Примерное время чтения: 8 минут
376

Женский век. Через год Прасковья Малыхина отметит 100-летие

Еженедельник "Аргументы и Факты" № 10. "АиФ-Алтай" 04/03/2015
Елена Николаева / АиФ

– Теперь по ночам подолгу лежу без сна, вспоминаю, – говорит она, старейшая жительница села Бобровка Первомайского района. – Сколько всяко-разного пережить довелось!

Прасковья Дмитриевна родилась в 1916 году, на изломе исторических эпох. И в её собственной судьбе многое и переломалось, и перемешалось…

Сиротинка

Их семья считалась небогатой: всего хозяйства – три коровёнки да три лошадёнки. Зато детьми дом был богат. Целых семь душ! Прасковья – младшая. А потому, увы, недобрала она материнской ласки: когда девочке было всего три годика, мама умерла. В память о ней у дочки осталась кашемировая шаль да атласная юбка, которые отошли ей по наследству.

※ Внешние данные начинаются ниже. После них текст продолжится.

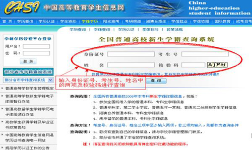 教育部查询网站:“全国普通高校学籍查询系统”(公网:http://xjxl.chsi.com.cn/;教育网:http://xjxl.chsi.cn/),凭考生号、身份证号、姓名三项中的两项及校验码登录,查询本人的学籍电子注册信息,并与校内教务处网站的学籍信息相比较,若学籍信息与实际情况不符,请附户口本、身份证复印件报到学院教学办,由教学办集中上报教务处核改。

Отца своего Прасковья Дмитриевна до сих пор уважительно величает тятей, хотя воспоминаний о нём сохранила тоже немного: он умер, когда ей семь годков исполнилось. Помнит, как тятя без конца чинил единственные пимы.

– Сначала в них зимой на улицу братка Ванька сбегает, потом братка Федька, а уж после я в них кататься бегу, – вспоминает. – А под юбкой ноги-то – голяшки. А морозы были – углы в избе трещали. И ничего мне не делалось, не болела. Прибегала с улицы – щёки алые, аж бордовые.

Ещё она помнит о вкуснейшей лепёшке, которую они называли «ёк-саламат». Огромную чугунную сковороду отец обливал коровьим маслом. Вбивал огромный кусок и в муку, а вот сахару, который был дорогой редкостью, в тесто клал с ноготок. В русской печке «ёк-саламат» получался румяным и твёрдым – ложкой не расколешь.

После смерти отца её и Федю, который был на три года постарше, отдали в приют. Там в углу общей комнаты стоял столик с солью и горохом. Провинившихся детей ставили коленями сначала на соль, а потом на горох. Было больно, но ещё больше – стыдно, потому что тех, кого таким образом наказывали, дразнили, доводя до слёз, свои же сверстники.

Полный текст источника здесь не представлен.